Neon instruction timing/latency

Note: This was originally posted on 7th July 2010 at http://forums.arm.com

Hello!

I am having trouble deciphering the tables in the Cortex-A8 technical reference manual that contains the NEON advanced SIMD instruction timings. There is no explanation anywhere of what the different N values mean. I suspect that they are different steps in the pipeline, but since I have as of yet not been able to find any info on the NEON pipeline, they don't tell me anything.

What I would really like to see is the information that was available in the ARM1136 reference manual, specifically which registers are needed as early/late registers, result latency and so on. It is probably possible to use the supplied N-values to get something similar, but I havent managed yet.

There is clearly some latency in the NEON instructions since I can gain quite  a bit of performance by rearranging the instructions, but I would like to be able to do this in a more scientific manner where I can actually determine beforehand if I would gain anything by rearranging and not like now where I simply try to place instructions depending on each other as far apart as possible.

Best regards,
//Leo
Parents
  • Note: This was originally posted on 7th July 2010 at http://forums.arm.com

    Most of the new cores use this "consume in N{X}" and "produce in N{Y}" syntax - the pipelines are now too complex for the simpler early and late register model for timing using in ARM9 and ARM11 cores. I agree it is a bit of a pain, but it's not too bad once you get used to it.

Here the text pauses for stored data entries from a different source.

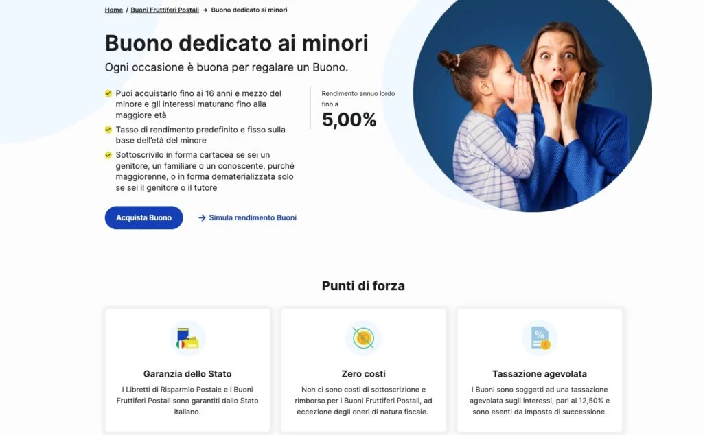 I buoni fruttiferi per minori sono un prodotto finanziario di risparmio rilasciato da Poste Italiane e rivolto ai soggetti da 0 a 16 anni. Sono sottoscrivibili online o direttamente in ufficio postale dal genitore, un parente o da un amico e offrono un rendimento annuo lordo a partire dal 2% fino al 5%.
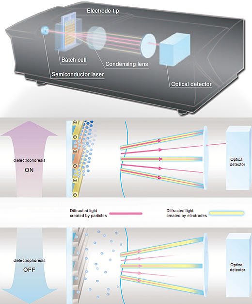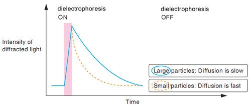 交变电压被应用于周期性排列的电极上,电场作用下微粒在液体中电泳并形成周期性浓度分布,聚集的微粒形成了衍射光栅。虽然微粒的周期浓度分布起到衍射光栅(粒子浓度光栅)的作用,但是如果停止交流电压,粒子将自由扩散并使光栅随之消失。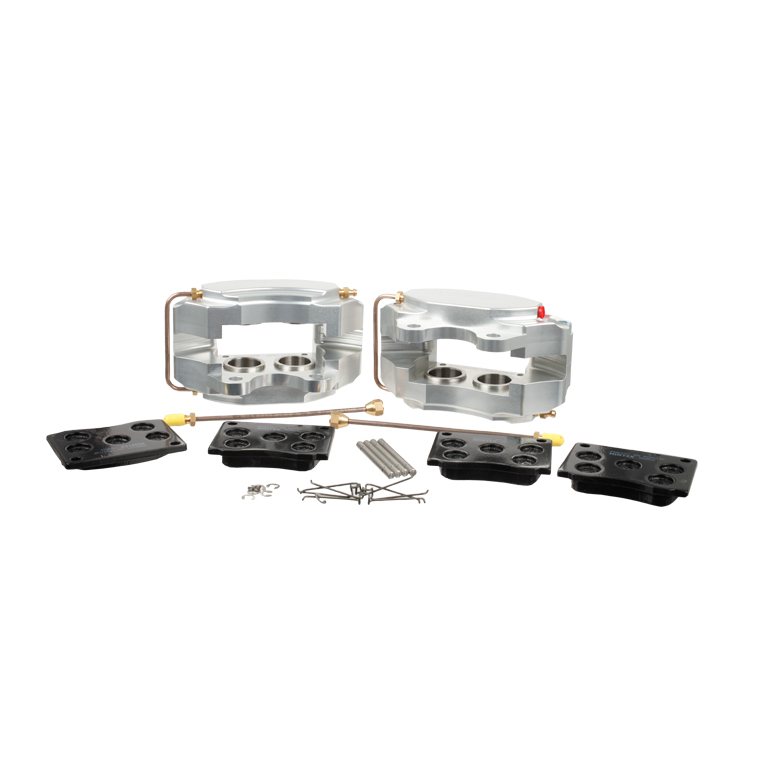UK manufactured four pot front brake caliper conversion kit in aerospace grade 7075 grade silver aluminium.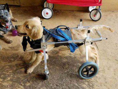 Si chiama Tricycle ed è un Golden Retriev, il cane che vive nella Horse Creek Stable Rescue Sanctuary.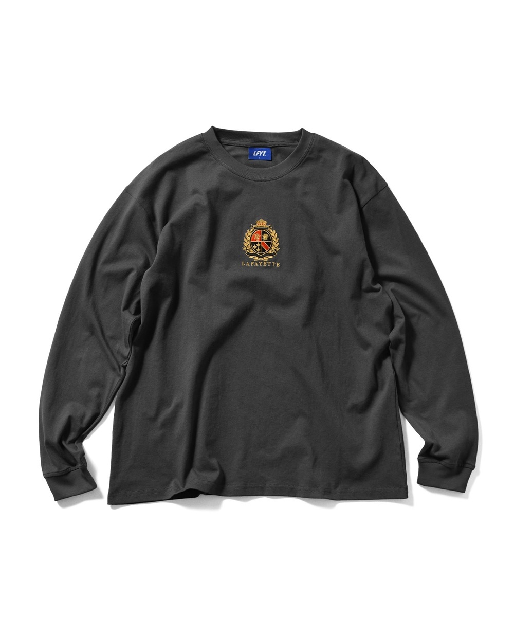 エンブレム調デザインを刺繍で表現したL/S TEE。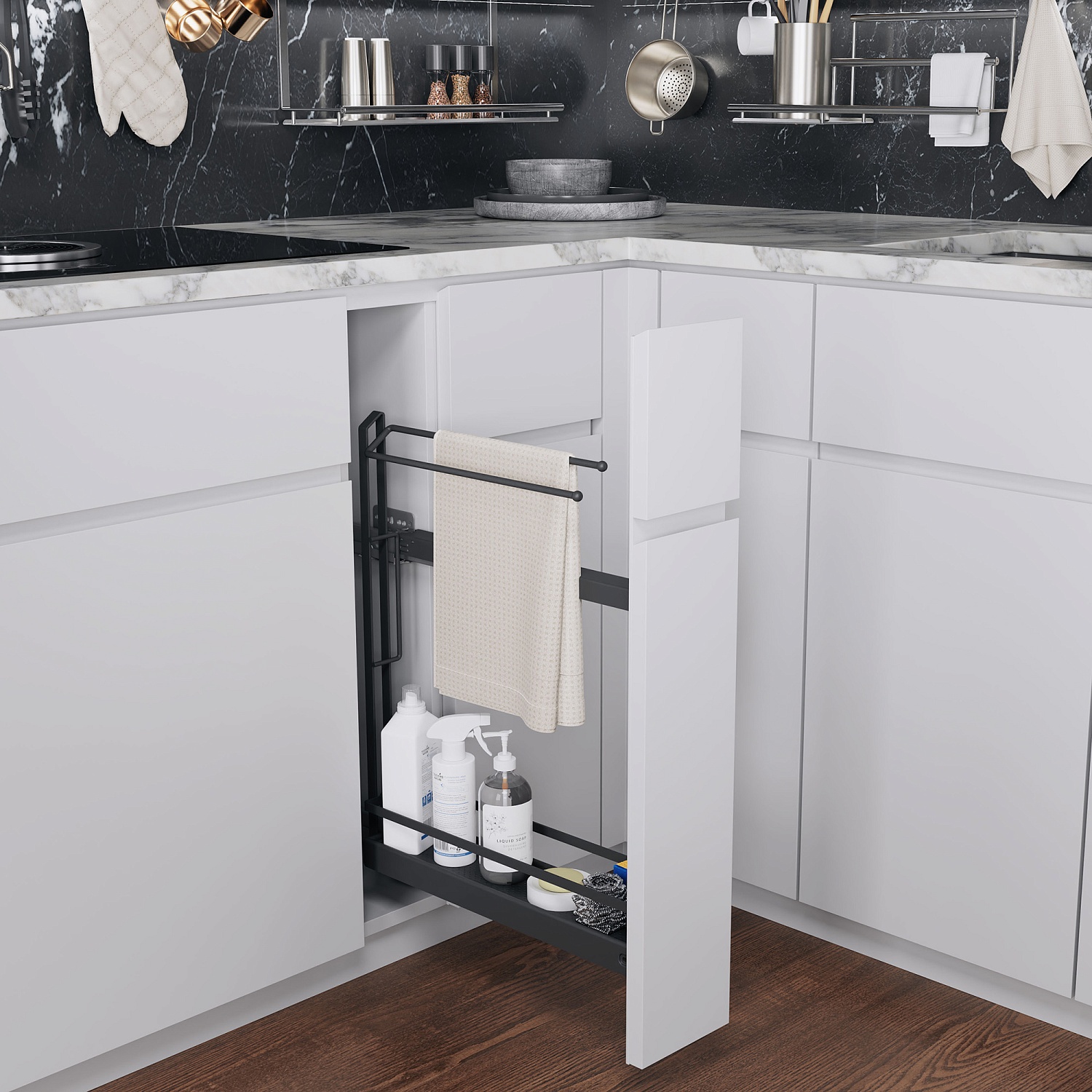 Бутылочница №15 для полотенец H 592 фасад 150 мм 3D

    As you suggest the {X} and {Y} numbers are pipeline stages when registers are consumed or results are produced. You don't actually need the pipeline details to use the tables you can infer everything you need from the pipeline stage numbers. The important facts:


    • All pipeline stages take one cycle
    • You can dual issue some instructions, so to optimally fill an N cycle interlock gap you need 2N instructions of suitable pairings
    • Moving data from NEON to ARM registers is Cortex-A8 is expensive, so NEON in Cortex-A8 is best used for large blocks of work with little ARM pipeline interaction. [http://infocenter.arm.com/help/topic/com.arm.doc.ddi0344k/ch16s05s02.html] (Cortex-A9 is much better at this).

    Using the tables:

    If you have an instruction which consumes a register in N1 and produces a result in N3 then the result value is not available to the next instruction until N4 - effectively 3 cycles (4 - 1) after the initial instruction was issued. You would need to fill the gap between the 2 dependent instructions with 6 other (because we dual issue) ARM or NEON instructions.

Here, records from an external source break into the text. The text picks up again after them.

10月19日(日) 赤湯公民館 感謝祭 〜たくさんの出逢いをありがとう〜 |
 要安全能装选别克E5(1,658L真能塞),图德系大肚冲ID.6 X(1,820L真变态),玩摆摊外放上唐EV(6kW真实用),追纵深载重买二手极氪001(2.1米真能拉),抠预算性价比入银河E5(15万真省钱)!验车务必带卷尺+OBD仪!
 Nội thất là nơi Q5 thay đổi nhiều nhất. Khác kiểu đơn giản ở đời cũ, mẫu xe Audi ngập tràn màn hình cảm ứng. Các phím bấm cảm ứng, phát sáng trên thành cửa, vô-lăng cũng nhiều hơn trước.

    If you have an instruction which consumes in N2 and produces in N5 (result ready in N6), then a dependent which consumes in N1 then you have a 5 cycle latency. Four cycles for the first instructions latency (6-2) and one cycle because the second instruction consumes a cycle earlier in the pipeline than the first (2-1)

    Worth noting: only certain pairs of instructions can be dual issued, and it is alignment sensitive because the core is in-order (i.e. you may have a sequence ABCD where AB and CD can be dual issued as pairs, but you happen to actually execute xA, then B, then CD. In this case x (the previous instruction) and A hit the pipeline together and were a valid dual issue target so were issued. BC in this case are not valid dual issue pairs so only B is issued, and finally CD are issued. You sequence of ABCD looks like it might take 2 cycles but actually took 3.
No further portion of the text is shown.